= Mark Zaslove =

American television and film writer, director, producer and novelist

Mark Zaslove is an American television and film writer, director, producer and novelist in live-action and animation. He has won two Emmy Awards and the Humanitas Prize. He has created a wide range of content from the children's show The New Adventures of Winnie the Pooh to his action thriller novel Death and Taxes.

==Early life and education==
Zaslove is the son of the late animator Alan Zaslove. Born in Los Angeles, California, he was the third-youngest member of the Magic Castle in 1976-77, as part of Dick and Diana Zimmerman's Junior Magicians Group.
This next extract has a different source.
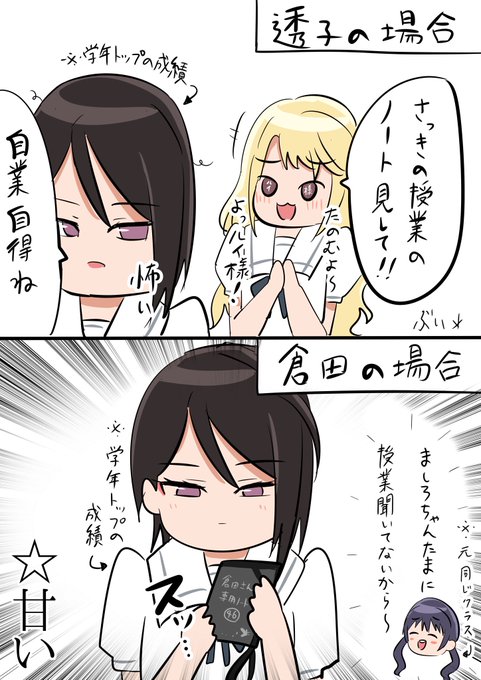 「見て瑠唯さん!瑠唯さんの強化合宿のおかげでいい点とれたよ!ありがとう!瑠唯さん!」な倉田ましろちゃん描きました! #倉田に甘い瑠唯さん #bandoriart 元ネタはぶい*さん(@GirLover_Buxl )の素敵なイラストです☺️ 描いていいと快く許可してくださりありがとうございました🙇 twitter.com/girlover_buxl/…

He attended U.C. Berkeley to study astrophysics but left the program after two years, staying in the Bay Area for two more years while writing his first (unpublished) novel, Travail.

==Career==
Returning to Santa Monica in 1981, Zaslove worked as a trainer at a fitness center while trying his hand at short fiction and screenplays. He joined LFP, Inc. in 1983, writing short fiction, and became Senior Editor on several of their magazines. The job lasted seven months, until he began animation screenwriting in the mid 1980s with Challenge of the GoBots and script assignments for Marvel Studios and Hanna-Barbera.
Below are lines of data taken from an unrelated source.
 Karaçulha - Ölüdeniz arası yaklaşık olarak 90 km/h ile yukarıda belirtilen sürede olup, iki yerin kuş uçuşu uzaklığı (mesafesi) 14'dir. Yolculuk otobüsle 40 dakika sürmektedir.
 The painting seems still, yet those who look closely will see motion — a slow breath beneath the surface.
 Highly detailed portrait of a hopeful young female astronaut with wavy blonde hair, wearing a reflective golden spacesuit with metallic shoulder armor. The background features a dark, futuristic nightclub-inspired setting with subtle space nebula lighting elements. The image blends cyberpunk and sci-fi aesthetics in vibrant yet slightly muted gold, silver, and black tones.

By the late 1980s, Zaslove was a staff writer for Walt Disney Television Animation, working on Disney cartoons from that era. He was chosen to develop, story edit, and co-produce The New Adventures of Winnie the Pooh. In 1987 Zaslove was a writer on the mini-series kickoff to the "DuckTales" series, Treasure of the Golden Suns. In 1990 he co-created, co-produced, and story edited TaleSpin, which became the first new series created for Disney Afternoon.
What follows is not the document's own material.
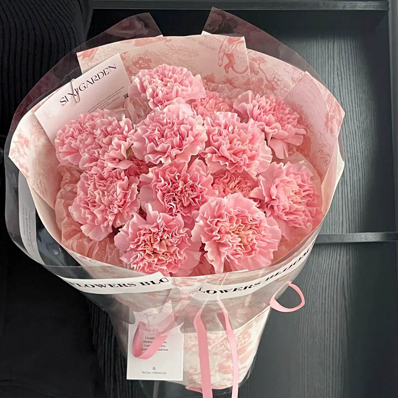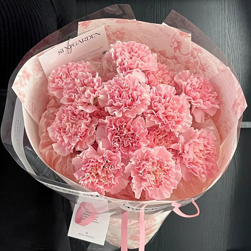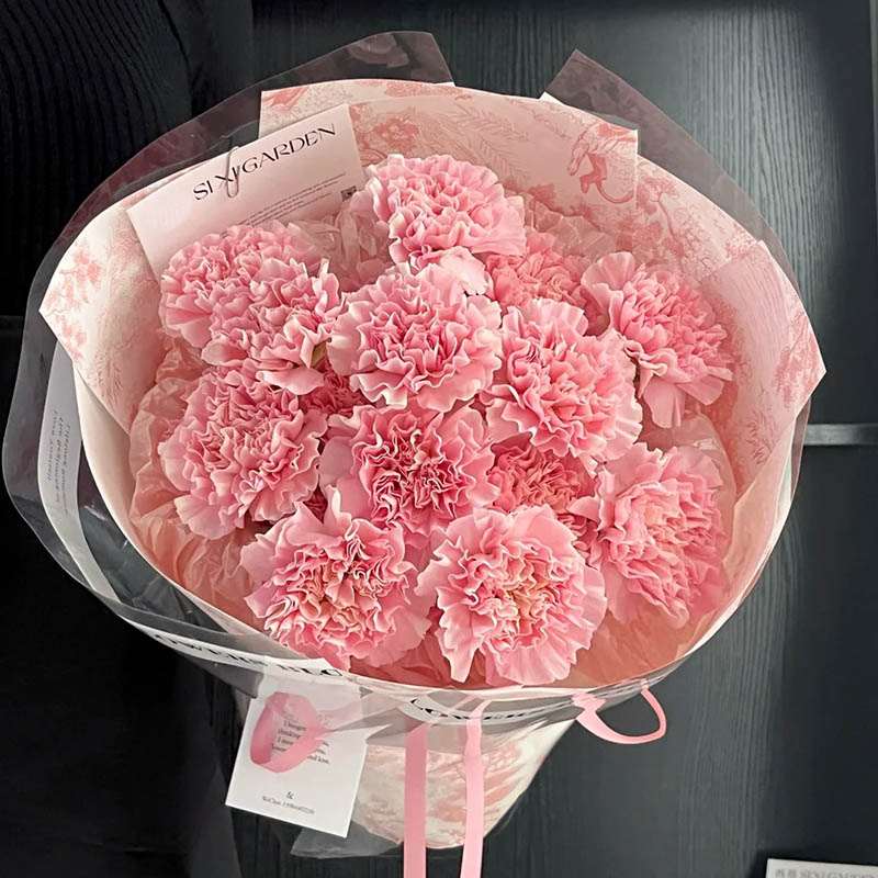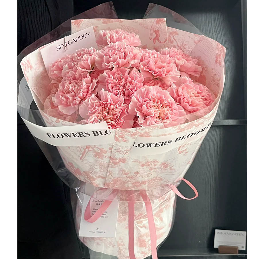 花 材:精选19枝粉色康乃馨。

Zaslove left Disney around 1993 to start his own company, Palisades Films. In 1993 he showran the series “Cro” and developed a cartoon series for Film Roman based on the Mighty Max line of toys, named Mighty Max. He reunited with Jymn Magon in 1994 for Superhuman Samurai Syber-Squad. Other notable series co-developed by Zaslove include Bump in the Night which he story edited and co-produced, and The Legend of Calamity Jane (1997) as well as “Howdy Gaudi” (2002) and Xiaolin Chronicles (2013).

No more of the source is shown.